James Tarjan

Personal information
- Born: James Edward Tarjan February 22, 1952 (age 74) Pomona, California, U.S.

Chess career
- Country: United States
- Title: Grandmaster (1976)
- Peak rating: 2540 (July 1981)

= James Tarjan =

American chess grandmaster (born 1952)

James Edward Tarjan (born February 22, 1952, in Pomona, California) is an American chess Grandmaster.

==Early life and education==
James Tarjan was born in Pomona, California in 1952. His father, George Tarjan, raised in Hungary, was a child psychiatrist. James Tarjan's older brother Robert became a computer scientist and mathematician.

Tarjan earned his undergraduate degree from the University of California, Berkeley, and later received his MLS from UCLA.

==Chess career==

Tarjan began his chess career at 14 by winning the California Junior Chess Championship in 1966. He was 17 when he was selected to join the American team for the 1969 World Students' Olympiad, at Dresden. He was a member of the winning American side at Haifa 1970, and was selected again at Graz 1972.

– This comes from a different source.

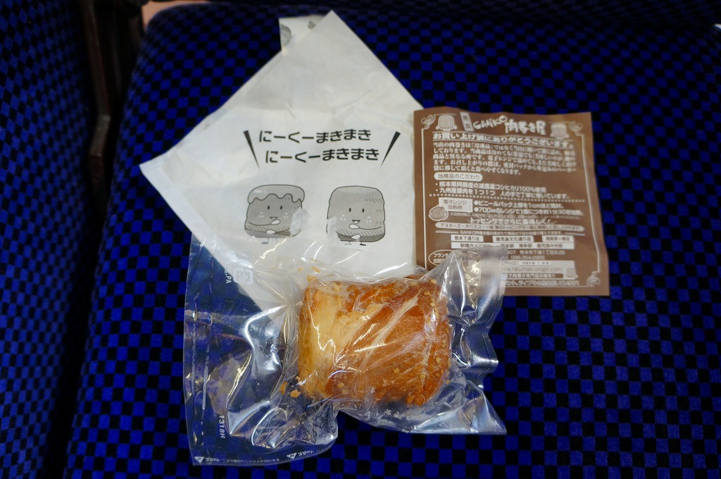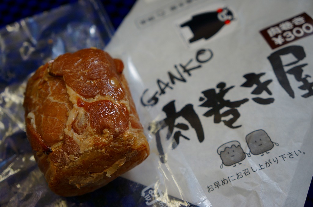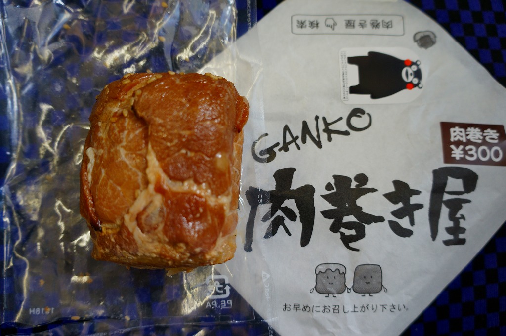 新幹線熊本駅の床置き形キヨスクで、八代駅の駅弁とともに売られた商品。この「肉巻き」が通常版で、他に売店では「大葉入り肉巻き」が300円で、「チーズ肉巻き」が350円で販売されていた。市販の肉まんやハンバーガーと同じような包装紙に、熊本県阿蘇産の白御飯を九州産の豚肉で目張りしたおにぎりが、真空パックで1個収まる。空弁でも何度か出会っている内容と味。包装紙に「くまモン」のシールまで貼り熊本をアピールするが、ブランドネームや商品そのものは神奈川や長野にもあるフランチャイズチェーンの製品。

He finished second at an invitational junior tournament at Norwich 1972, with 12/15, behind Hungarian Gyula Sax. He won the American Open in Santa Monica in 1973, and was co-winner of the same tournament in 1982.

Tarjan earned his International Master title in 1974, followed by the Grandmaster title in 1976. He played for the American team at five straight chess Olympiads. He began at Nice 1974, then played at Haifa 1976, Buenos Aires 1978, Valletta 1980, and Lucerne 1982. He won the Olympiad gold medal for best individual results in both 1974 and 1978.

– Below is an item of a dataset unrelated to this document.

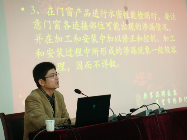 为了提高培训效果,培训班采取了讲课与提问相结合和讲课与生产现场指导相结合的互动形式。罗普斯金铝业技术研发部蔡强经理根据协会提交的铝合金门窗生产安装中存在的问题,先着重讲解了铝合金门窗雨水渗漏原因分析及解决办法、铝合金门窗组角工艺与胶的关系、外平开窗与滑撑的关系等问题,每当蔡老师讲到比较突出的关键性问题时,要求学员们提出各自意见,交流解决问题的方法,加深对问题的理解。蔡老师还通报了我国铝门窗未来发展趋势:主要以低碳环保为前提的发展方向,成品门窗将标准化、系统化、智能化、人性化,产品开发和技术创新将成为门窗企业的核心竞争力,门窗企业将形成以大企业为主导,中小企业为辅助的市场结构。接着培训人员到金鹏铝合金门窗生产车间,根据现场生产情况蔡强老师分别强调了铝门窗制作工艺、技术要求和注意事项,又针对大家提出的问题一一作了讲解,使培训人员真真切切学到了技术,也加强了门窗型材生产厂家和门窗生产企业相互沟通,促进了今后更好的合作和产品质量的提高。

His best results in international tournaments include first at Subotica 1975, first at Vancouver 1976, and first equal at Vršac 1983, along with Predrag Nikolić and Georgy Agzamov. Other good finishes included tied for third at Chicago 1973 with 7/11;
tied for fifth at Venice 1974 with 7.5/13; and an excellent tied second at Bogotá 1979, with 10.5/14, behind only Alexander Beliavsky.

Tarjan played in several U.S. Championships during the 1970s and 1980s. He was fourth at El Paso 1973 with 7.5/12. At Oberlin 1975, he ended up tied for sixth with a score of 6.5/13. At Pasadena 1978, which was the Zonal qualifier, he tied for second with 9.5/14, and advanced to the 1979 Riga Interzonal, part of the World Championship cycle. He scored 8.5/17 and did not advance; the tournament was won by former World Champion Mikhail Tal. Tarjan's last competitive tournament for three decades was the 1984 U.S. Championship at Berkeley, where he finished tied for third, scoring 10.5/17.

In 1984, Tarjan gave up professional chess to become a librarian, and worked for many years at the Santa Cruz Public Library.

In 2014, Tarjan re-entered the tournament chess world. He played in the U.S. Open in Orlando in August finishing with 7.0/9, half a point behind a six-way tie for first place. Subsequently, he played in the PokerStars International Tournament on the Isle of Man in October 2014. He also competed in the Larry Evans Memorial in Reno, Nevada, over the Easter weekend, finishing in an 8-way tie for second.

In the 2017 Isle of Man International Masters tournament, he defeated former world champion Vladimir Kramnik in the third round. and former women's world champion Alexandra Kosteniuk.

He won the Oregon Open held in Portland, Oregon, under sponsorship of the Oregon Chess Federation and Portland Chess Club in 2017.
He tied for 7th place in 2018 US Open held in Wisconsin. He won 2018 Seattle Chess Classic with 7–2 score, which included two half-point byes. He took the Age 50+ prize also.
On National Chess Day October 13, 2018, he was scheduled to give a 20-board simul at Vancouver Mall in Vancouver, Washington. He scored 14–0.

==Later life==

In recent years Tarjan has been honored by several lifetime achievement awards. In 2022 he was inducted in the U.S. Chess Hall of Fame. In 2025 he was given the Frank J. Marshall Award as an excellent ambassador for chess.